Stephen Twining, whose family founded Twinings of London, in 1706, shares five tips to brew your favorite cup of herbal tea: Start with a clean mug and a clean kettle of fresh, cold water; As soon as the water reaches a boil, remove the kettle from the heat source; Set the tea bag in the mug before you add hot water, pouring it directly onto the tea bag; Use a timer for a perfect brew. Herbal teas should steep for four minutes; and if desired, add honey, sugar or a squeeze of lemon — do not add milk or cream to herbal teas.


Purple is the new color for healthy food

Purple will reign as the new color of healthy food, according to a recent report on garden trends by The Garden Media Group. The report predicts the hot topics, major goals and concerns for the upcoming year in the world of gardening, according to a column by Don Kinzler in the Fargo Forum.

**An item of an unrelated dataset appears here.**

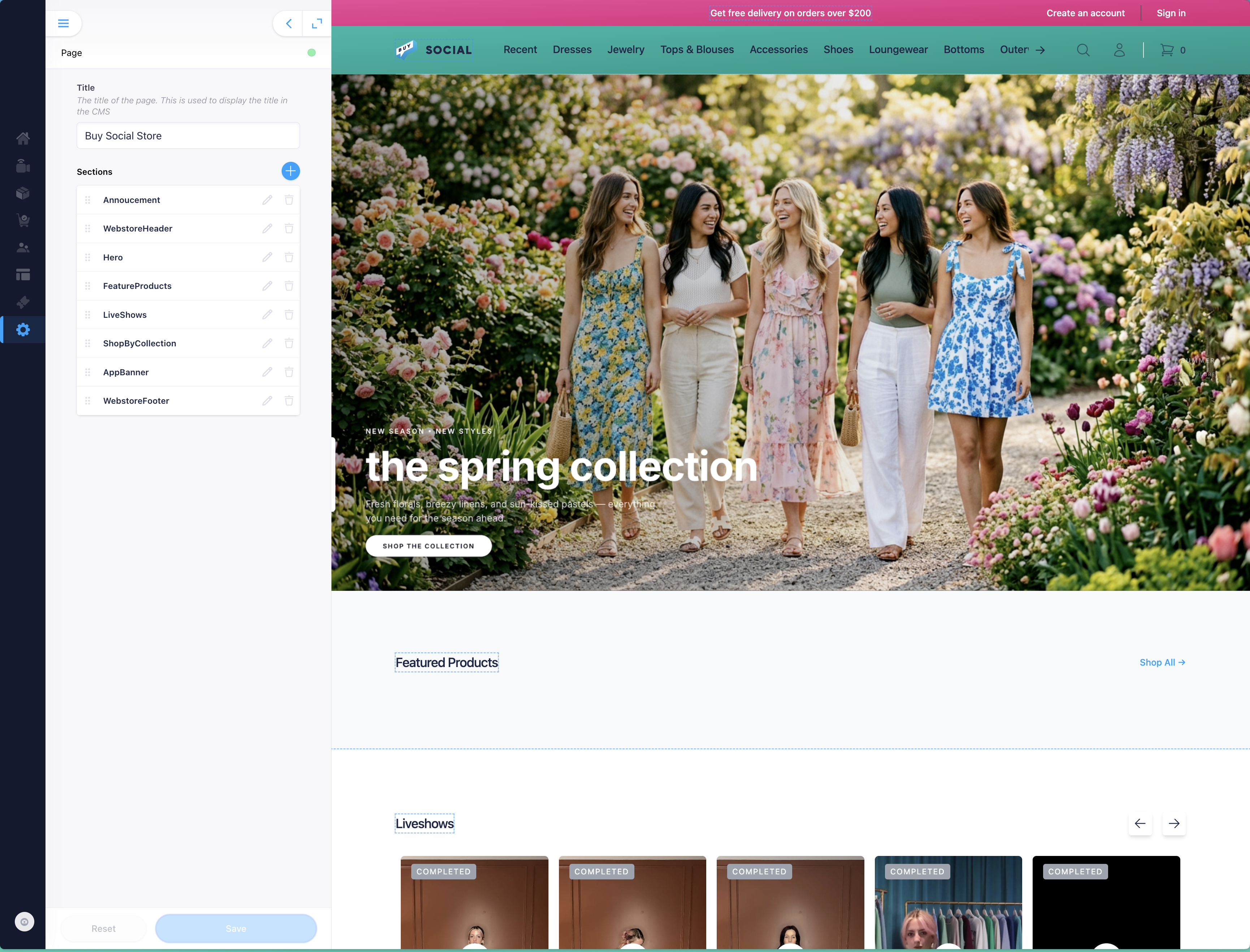 Build your homepage by adding, removing, and reordering sections. Choose from Announcement bars, Hero banners, Featured Products, Live Shows, Shop by Collection, App Banners, and more. Each section is editable with its own settings. Drag to reorder, click to customize, and hit Save when you are done.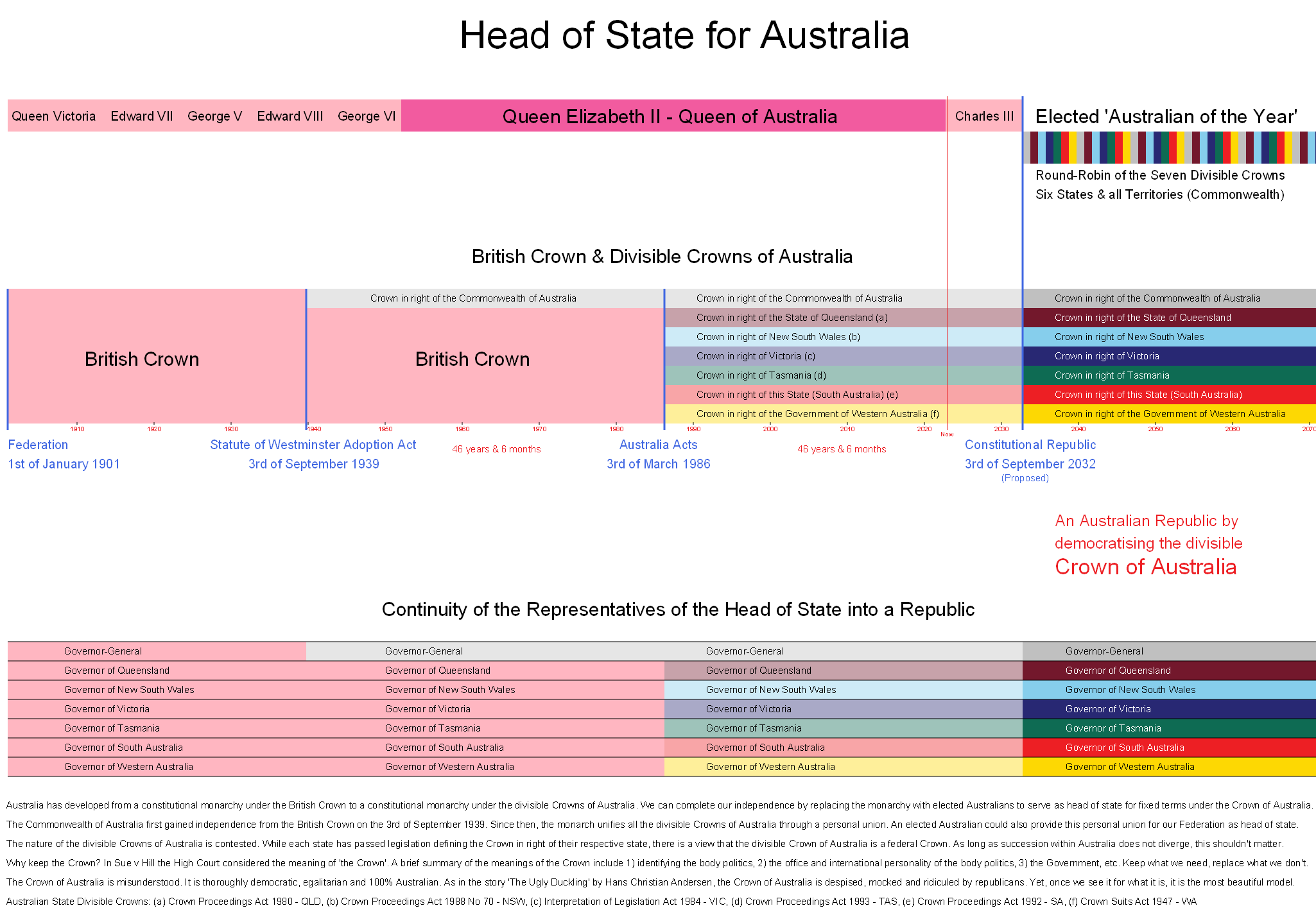 Single Head of State: One person will serve as the head of state for all of Australia, unifying the Federation and reflecting the personal unity of the divisible Crowns of Australia.

“According to the U.S. Department of Agriculture, the purple antioxidant anthocyanin helps fight cancer, has anti-aging benefits, reduces obesity, protects the heart and promotes mental strength,” Kinzler writes.

Purple foods that could gain in popularity in the new year include beets, black raspberries, plums, eggplant, purple cabbage, purple cauliflower, purple carrots, purple sweet potato and purple corn.


Flexitarians will grow their own protein in 2018

The Garden Media Group recently issued its annual Garden Trends Report, predicting hot topics, goals and concerns for 2018 in the world of gardening, writes Don Kinzler, a lifelong gardener who worked as an NDSU Extension horticulturist, in the Fargo Forum.

One trend they highlighted was growing your own protein.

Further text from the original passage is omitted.